Provided material: Begin

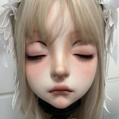 【新品未使用】着ぐるみマスク ヘッドシェル 美少女面 閉じ目 アニメガオ レジン製 ハンドペイント完成品
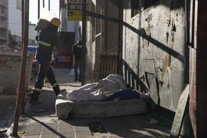 (250624) -- MONTEVIDEO, 24 junio, 2025 (Xinhua) -- Una persona duerme en la calle, en Montevideo, capital de Uruguay, el 24 de junio de 2025. El gobierno de Uruguay declaró el lunes una "alerta pública" de nivel rojo para personas en situación de calle ante el "frío extremo", lo que permite la "evacuación obligatoria" de indigentes a refugios. (Xinhua/Nicolás Celaya) (nc) (oa) (ra) (ce)
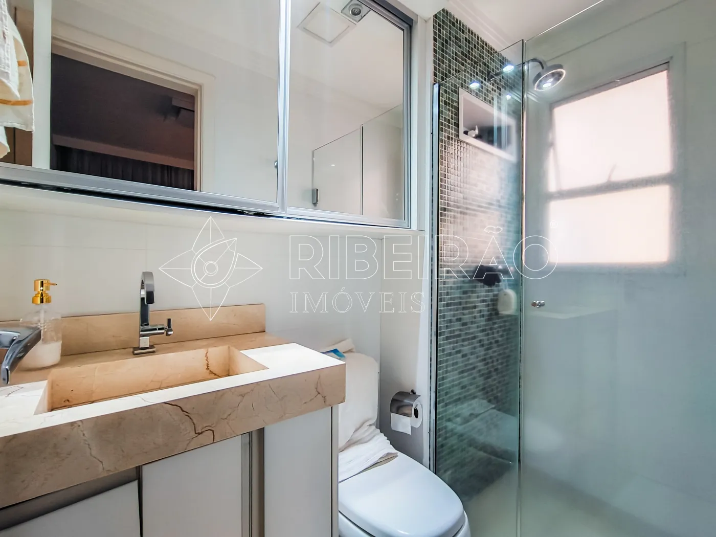- 1 banheiro com armário, box e espelho;

Provided material: End

# What is being asked
Copy all of the listing word for word, minus the images.

# Answer section
 【新品未使用】着ぐるみマスク ヘッドシェル 美少女面 閉じ目 アニメガオ レジン製 ハンドペイント完成品
 (250624) -- MONTEVIDEO, 24 junio, 2025 (Xinhua) -- Una persona duerme en la calle, en Montevideo, capital de Uruguay, el 24 de junio de 2025. El gobierno de Uruguay declaró el lunes una "alerta pública" de nivel rojo para personas en situación de calle ante el "frío extremo", lo que permite la "evacuación obligatoria" de indigentes a refugios. (Xinhua/Nicolás Celaya) (nc) (oa) (ra) (ce)
- 1 banheiro com armário, box e espelho;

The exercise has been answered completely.